SHRINE

27 Apr

Shrine

By Linda J. Humes

“We are confident, I say, and willing rather to be absent from the body, and to be present with the Lord.” 2 Corinthians 5:8

It breaks my heart. Every time I pass by a part of me rips. It drives me to an urgency of prayer. Shrines – ornate piles of mementos placed along the side of a road at a point where a life was lost. Not a simple white cross, but a memorial of treasures, family pictures, candles, flowers, trees, elaborate crosses, balloons, clothing, even a whiskey bottle decorates one near my home. Paths to the shrine are kept raked and clean, a row of rocks line each side of the path. Someone spends hours of time showing their love for one lost. This is only one example of many that are scattered throughout the community.

It is difficult to know much about the one being memorialized, but the ones left behind are the ones I grieve for. Do they believe the “ghost” of the loved one lingers there to enjoy the birthday banners, Christmas trees, stuffed Easter Bunny, or the framed photos that are changed every few months? Do they think a disembodied soul floats about, mourning and waiting for the living to remember them at holidays?

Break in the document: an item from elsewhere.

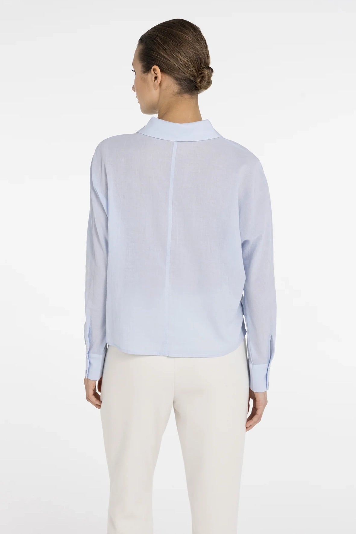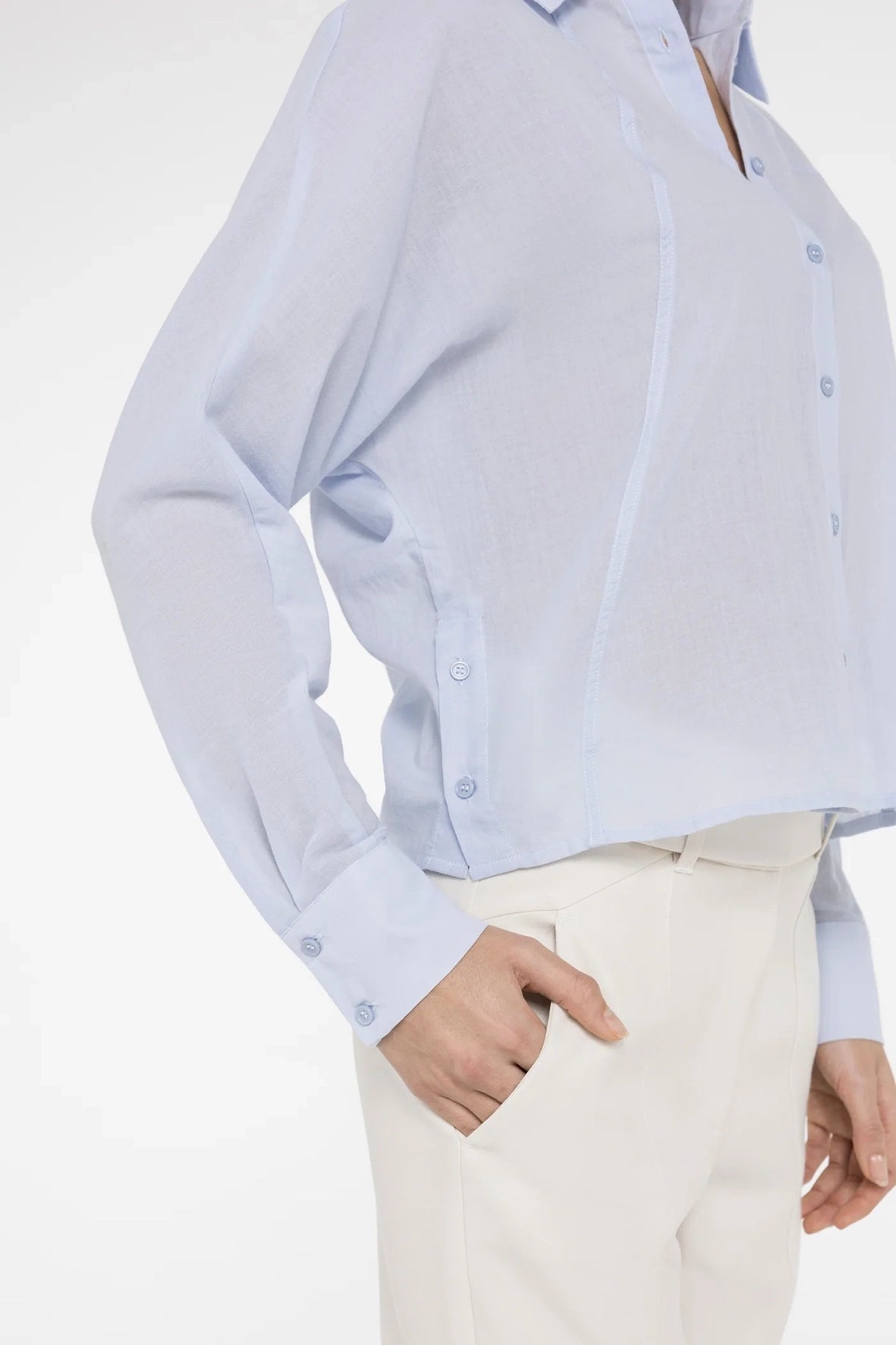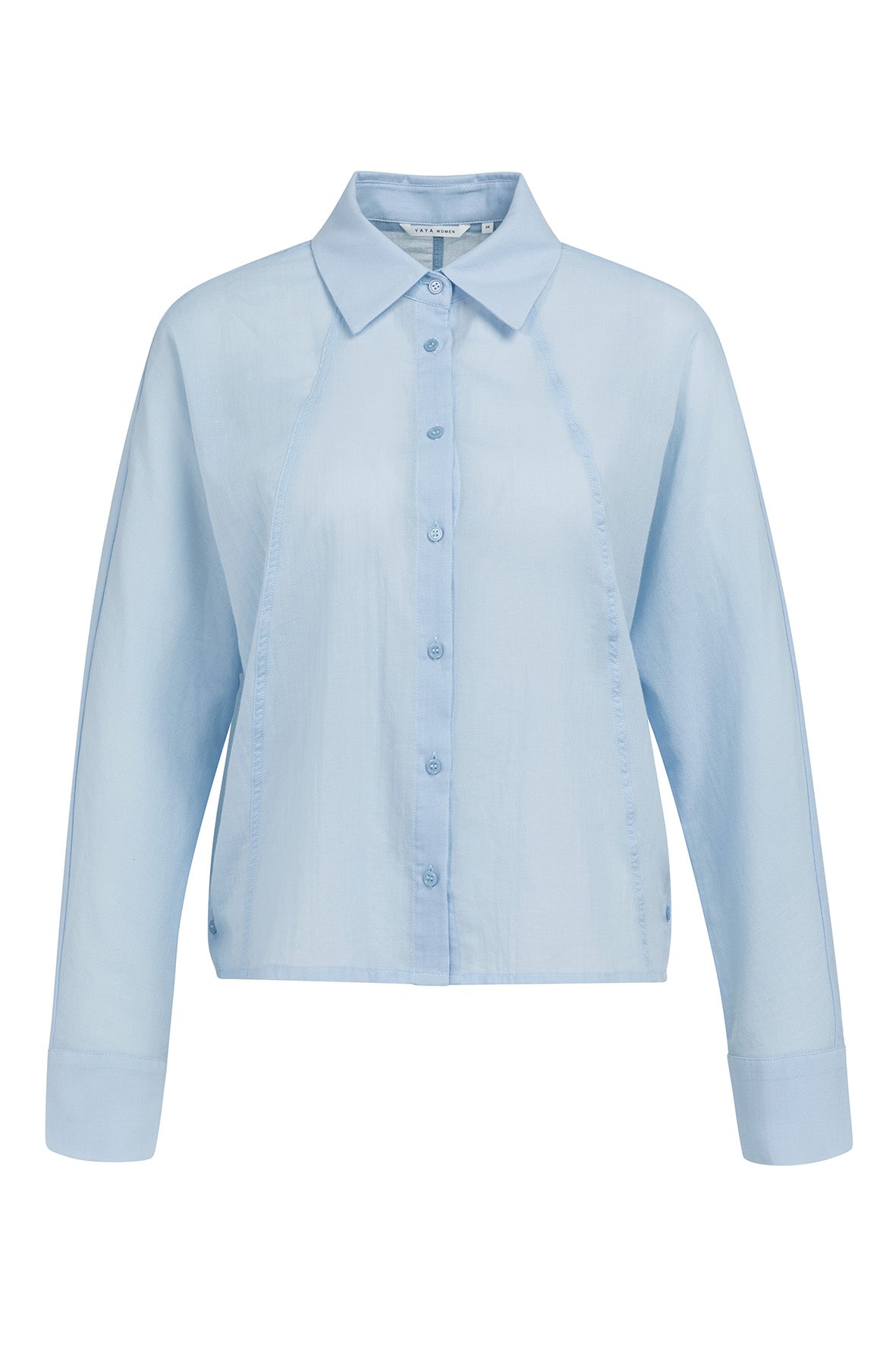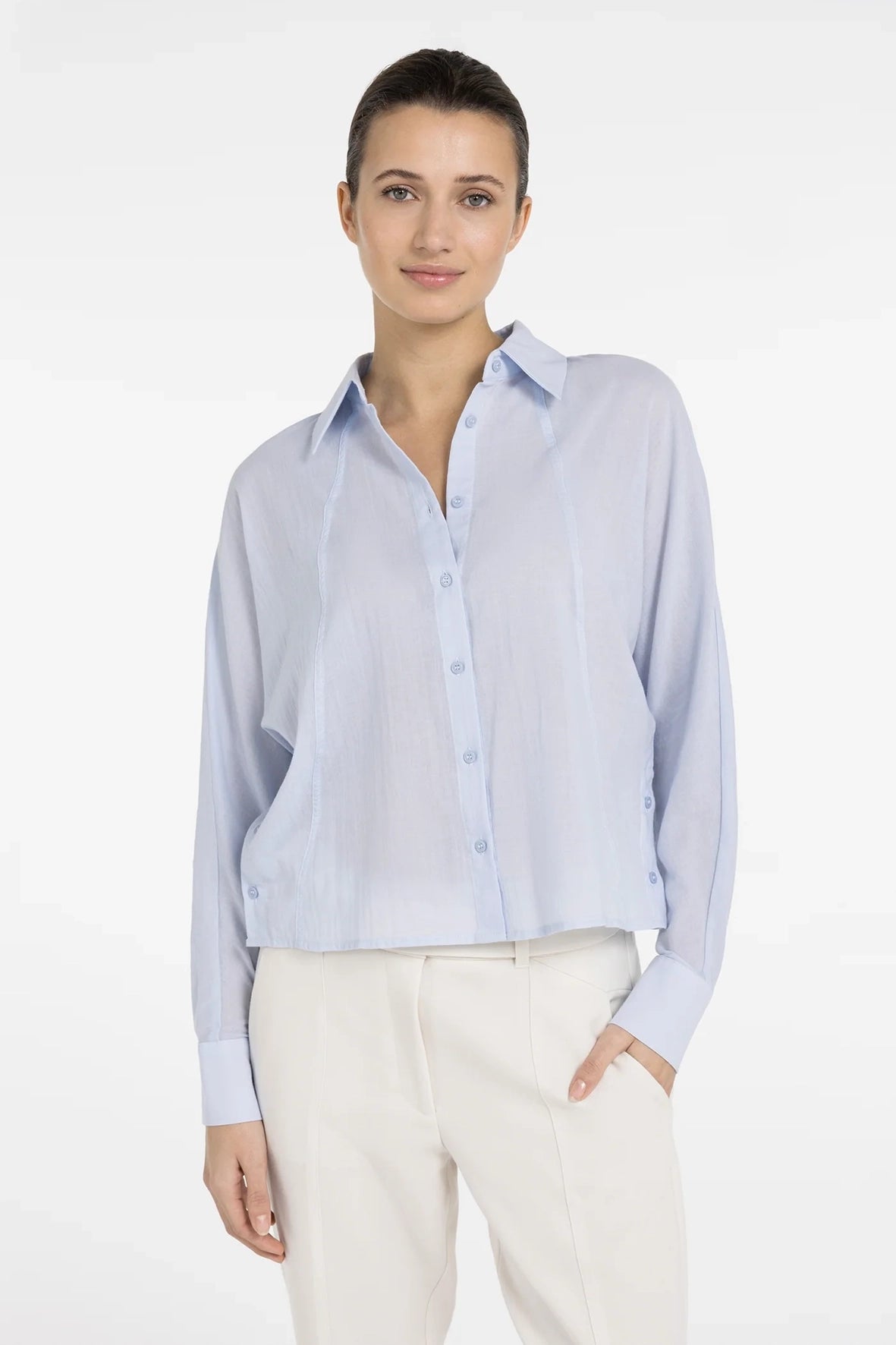 Deze luchtige batwing blouse is gemaakt van een lichtgewicht, geweven katoenmix. Het model heeft een losse pasvorm, een klassieke kraag, knoopsluiting aan de voorkant en lange vleermuismouwen die uitlopen in brede manchetten. De opvallende schuine naden geven de blouse een moderne look. De knoopdetails aan de zijkant zorgen voor een subtiel en speels accent. Een verfijnde keuze voor een elegante dagelijkse stijl.

I pray continually that God would send someone to the keepers of the shrine, to let them know the peace of letting go. To let them know that there is more to life than animate mementos of life. To let them know about Jesus. To show them His great love. To give them the security of knowing that to be absent from the body is to be in the presence of God. That our peace after death is completely dependent upon our relationship with Christ, not on those who have stayed behind.

I don’t know who tends the shrines, but I know my God. I know that every prayer I utter meets the ears of my Creator, and I know that He can bring the right person, with the right words, at the right time, to touch their hearts and direct their souls.

Jesus, if that person is me – show me the way.